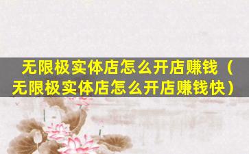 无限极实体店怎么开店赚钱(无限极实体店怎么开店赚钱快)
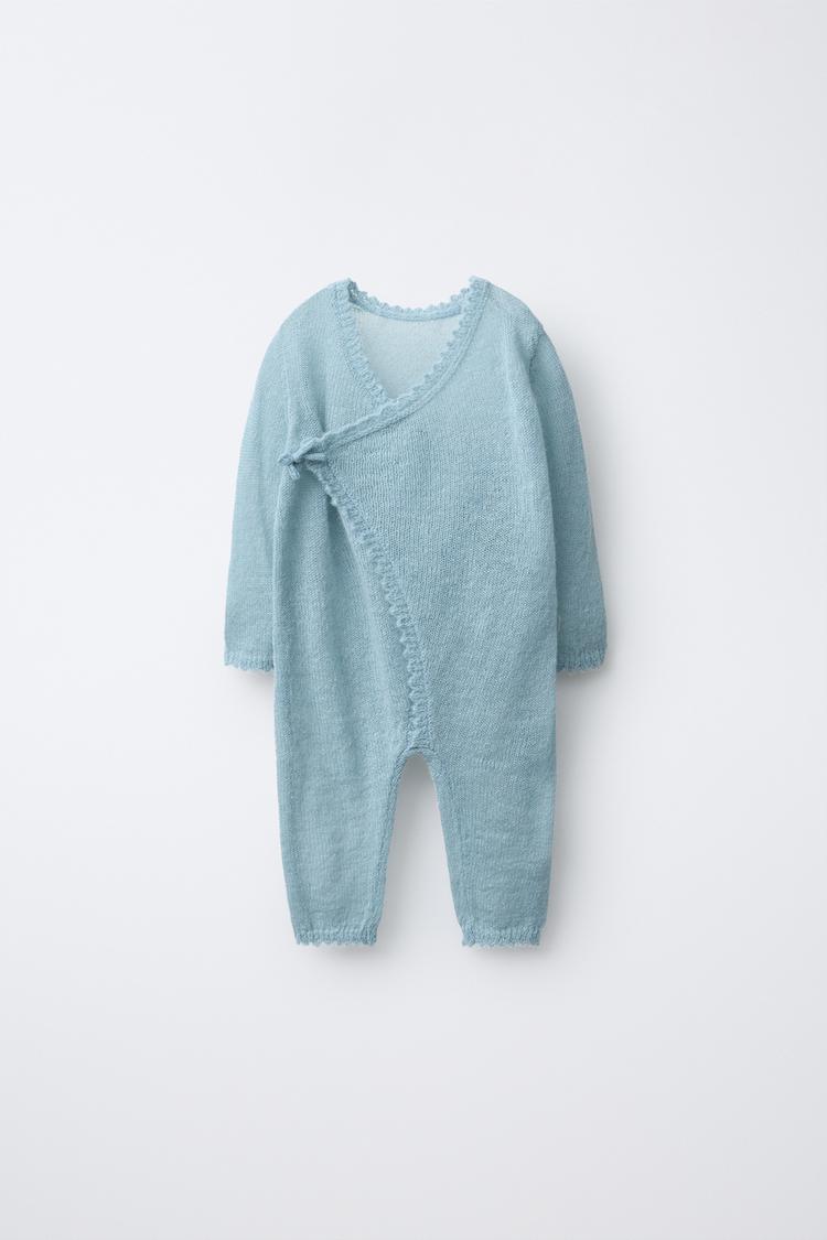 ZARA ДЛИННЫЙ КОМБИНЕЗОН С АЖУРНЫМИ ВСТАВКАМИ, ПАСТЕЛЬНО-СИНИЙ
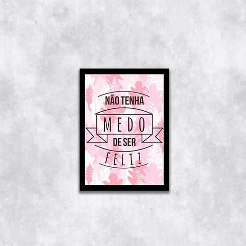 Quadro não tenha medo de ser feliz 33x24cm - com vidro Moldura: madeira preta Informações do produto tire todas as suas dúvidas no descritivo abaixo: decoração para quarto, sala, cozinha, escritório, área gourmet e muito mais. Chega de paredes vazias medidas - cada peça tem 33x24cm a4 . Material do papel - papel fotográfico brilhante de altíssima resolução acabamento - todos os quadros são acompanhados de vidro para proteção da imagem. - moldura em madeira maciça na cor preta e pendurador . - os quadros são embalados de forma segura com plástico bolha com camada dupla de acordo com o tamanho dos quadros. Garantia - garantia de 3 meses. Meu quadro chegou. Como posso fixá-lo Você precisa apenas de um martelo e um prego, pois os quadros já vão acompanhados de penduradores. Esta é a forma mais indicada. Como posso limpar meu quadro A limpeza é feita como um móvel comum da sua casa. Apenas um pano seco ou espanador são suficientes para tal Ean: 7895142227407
○ ○ ○ ○
## What you are asked to do
Restate the data word for word from its first line through the line with "ZARA ДЛИННЫЙ КОМБИНЕЗОН", leaving out any picture along the way.

## Exercise output
 无限极实体店怎么开店赚钱(无限极实体店怎么开店赚钱快)
 ZARA ДЛИННЫЙ КОМБИНЕЗОН С АЖУРНЫМИ ВСТАВКАМИ, ПАСТЕЛЬНО-СИНИЙ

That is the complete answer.